Task input:
★ ★ ★

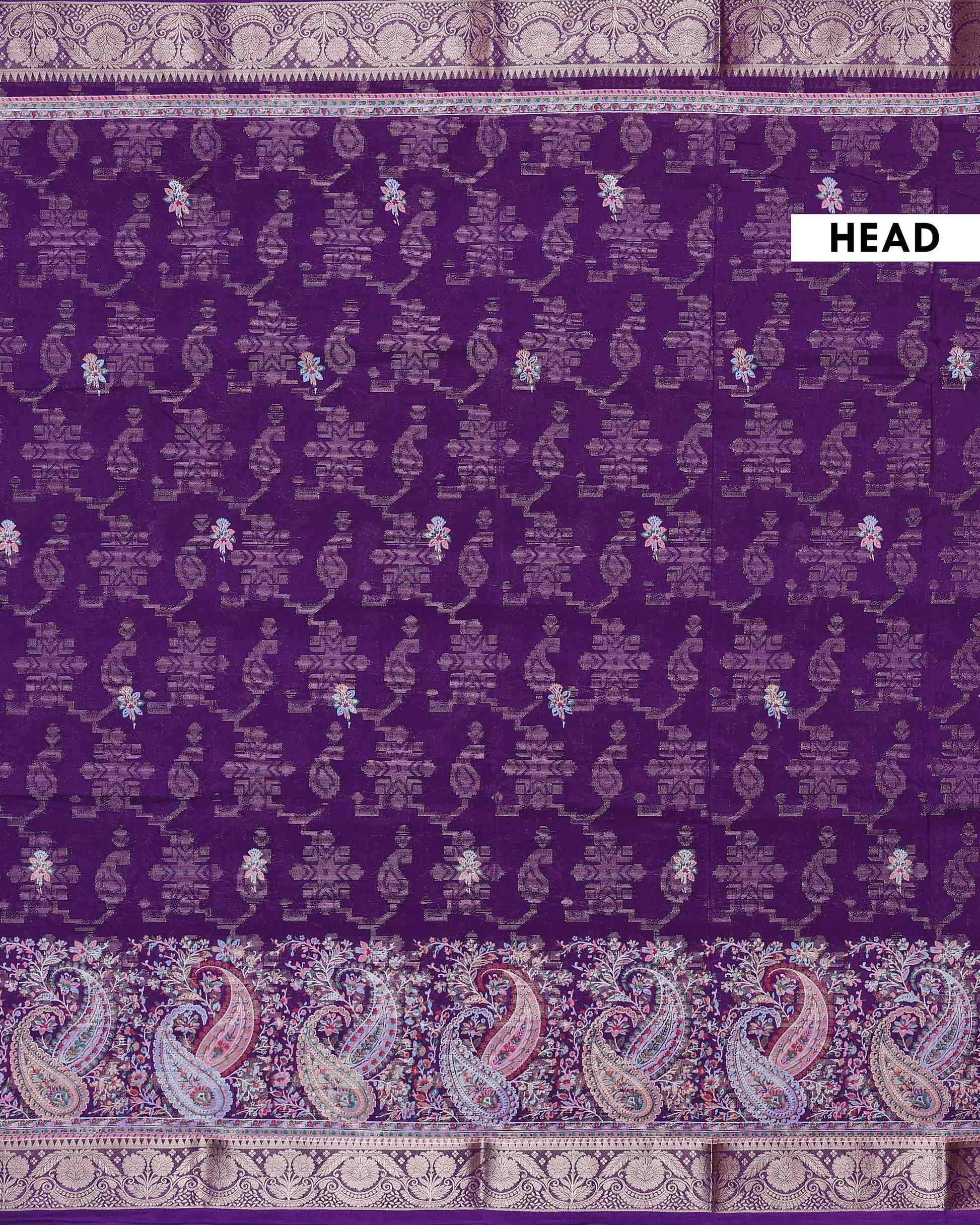 Graceful Dola Silk Saree with Paisley & Floral Motif Woven Butta Design and Traditional Zari Border - Purple
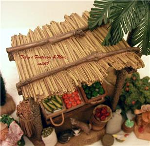 This Open-air Building is Entitled "The Vendor Kiosk". Measures 7.75"W x 6"D x 8"T. Made of Resin Material. Features a Primitive Thatched Roof Held up by 4 Poles. Roof had a 1" Section Broken off on Front Right. Was a Clean Break and the Piece was Easily Glued Back on. (See Pics of Roof).
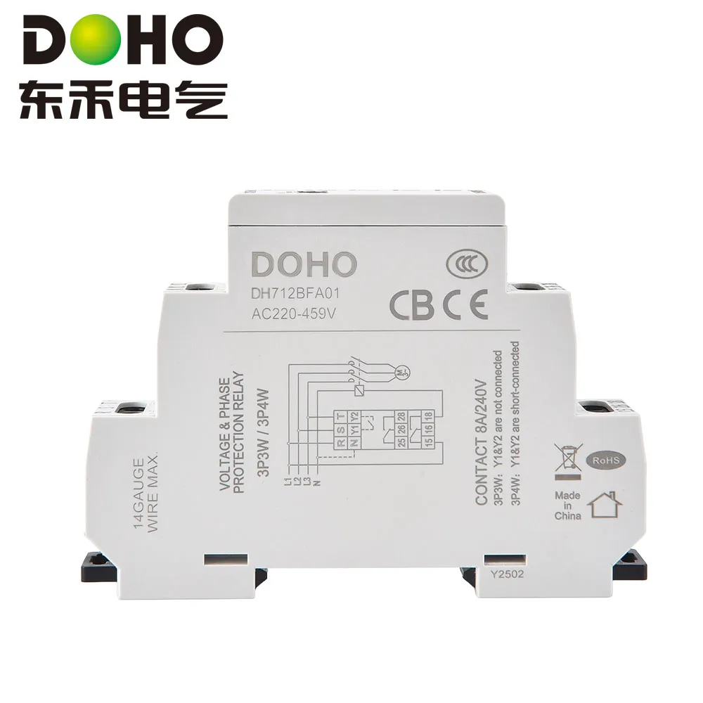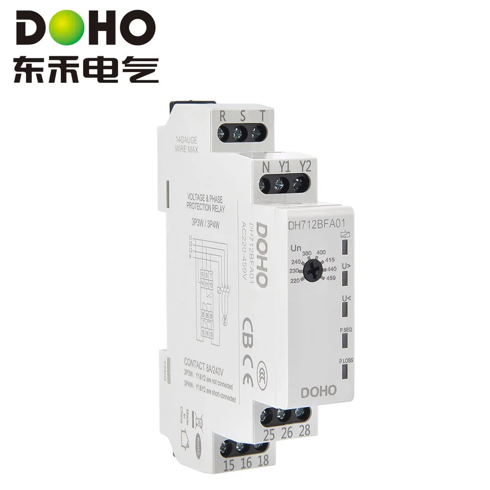 DOHO DH712BFA01 Трехфазное трехпроводниковое/четырехпроводниковое универсальное реле защиты напряжения — это интеллектуальное устройство защиты с широким диапазоном адаптации напряжения. Основанное на высокоскоростном процессоре с низким энергопотреблением, оно поддерживает переключение между трехфазным трехпроводниковым и четырехпроводниковым режимами и подходит для систем питания с широким диапазоном напряжения 220–459 В переменного тока.
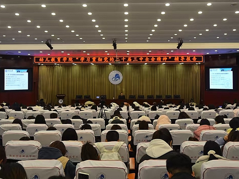为深入学习贯彻党的二十届三中全会精神,把握党的二十届三中全会精神的丰富内涵、精髓要义和实践要求,鼓足干事创业的精气神,2024年12月5日,幼儿教育学院邀请西安交通大学马克思主义学院副院长陈建兵教授在图书馆学术报告厅为幼儿教育学院党员师生作主题为“学习贯彻党的二十届三中全会精神”的辅导报告。幼儿教育学院班子成员、马克思主义学院教师代表、幼儿教育学院师生党员代表及第六期发展对象、第五期入党积极分子等二百余人参加了报告会,会议由幼儿教育学院党委副书记王继康主持。
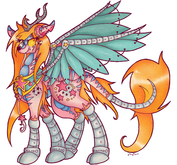 He have a lot of complexes cus of his look (the reflecting rainbow mane, bird like tail and one wing) as he constantly feel like he is not taken seriously by others (mostly Faya fault xD )
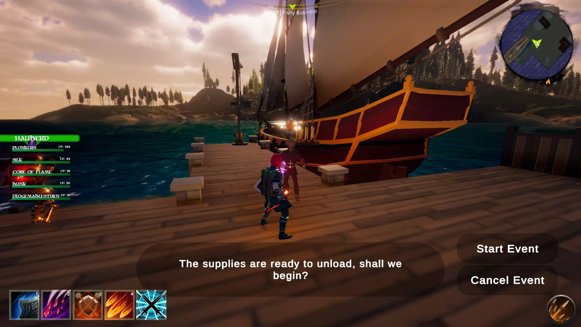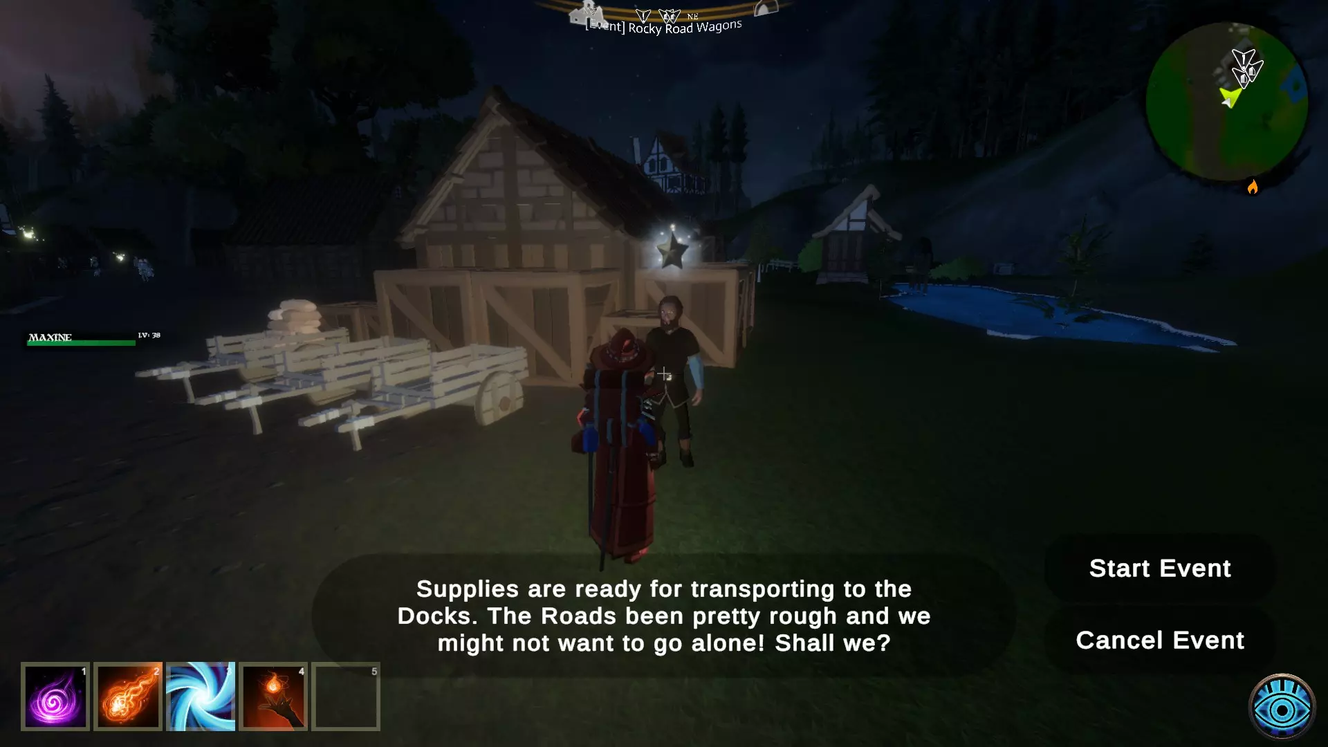 任务目标:会生成一个带 wagon(马车)的 NPC,玩家需要保护马车抵御 Goblins(哥布林)并护送其前往 Genmire Harbour(根迈尔港),必须保持在马车附近一定范围内。一旦马车抵达港口,玩家将获得活动奖励 失败条件:马车被摧毁 可疑交易 起始地点:根迈尔,码头 推荐等级:25级以上(至少装备T1级装备)
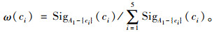 4.4 基于粗糙集的指标权重确定设S=(U, A, V, f)是一个信息系统,A={a1,a2,…,am},属性ai∈A在A中的重要性为SigA-{ai}(ai),则ai∈A的权重定义为[9]:

★ ★ ★

Task details: Print the data above verbatim from the first line through the line holding "This Open-air Building", leaving every picture out.

Result of this exercise:
 Graceful Dola Silk Saree with Paisley & Floral Motif Woven Butta Design and Traditional Zari Border - Purple
 This Open-air Building is Entitled "The Vendor Kiosk". Measures 7.75"W x 6"D x 8"T. Made of Resin Material. Features a Primitive Thatched Roof Held up by 4 Poles. Roof had a 1" Section Broken off on Front Right. Was a Clean Break and the Piece was Easily Glued Back on. (See Pics of Roof).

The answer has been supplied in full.